The gentleman on the bottom demonstrates good fundamental form with a few discrepancies. His pouch is misaligned- strong to port. This shot will miss right. Furthermore, I do not believe his exaggerated knee bend is an advancement in shooting posture or balance, but merely a hands-free attempt to clear a self-inflicted wedgie. I use it frequently on the trail. His left elbow position is pristine, but that positive is negated by pinching in front of the ammo.

His attire is appropriate riot-casual, though I'd have preferred to see a black or sienna coordinating sweatpant ...


----------



## Ordo (Feb 11, 2018)

A brilliant analysis Hulla. I was thinking that demonstrators, anarchists and revolutionaries could offer a great market opportunity for my home made slingshots. A probable motto could be:

Kill an officialist (or an oppositionist, at your will) with a Terro-Sling. (derived from Terrorist- Slingshots).

Also good for exterminating pests.

Not that I think that politicians are a pest...


----------



## treefork (Feb 1, 2010)

You can tell by the pictures that its not their first time shooting . More potential forum members . We can start a sub forum . " Slingshot Protesters "

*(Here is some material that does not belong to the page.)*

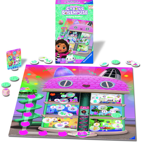 Sisältää: 1 pelilauta (8 osaa), 1 Gabby-kissa-pelinappula, 13 pyöreää laattaa, 1 noppa ja ohjeet.

Discussions and tips on best bands , ammo and techniques and bent knee stances . How to shoot with tear gas is in your eyes . Long balling over Lexan shields . Lots of possible topics .


----------



## Alfred E.M. (Jul 5, 2014)

*While admiring one of my slingshots, my cardiologist related that growing up in Pakistan where guns aren't allowed, political assassinations were carried out by shooting slingshots from inside a car at political rallies. She said they were silent and often deadly.*

*Ordo, you should enlighten the demonstrators on the benefits of wearing safety glasses to prevent an outbreak of one-eyed anarchists. *


----------



## Ordo (Feb 11, 2018)

I can teach them how to shot. I can sell slingshots, ammo, bands, glasses, etc. I can become a slingshot attorney when they get in jail, etc., etc.

Then i can make counterintelligence and sell my "services" to the Government.

This business has no limits.


----------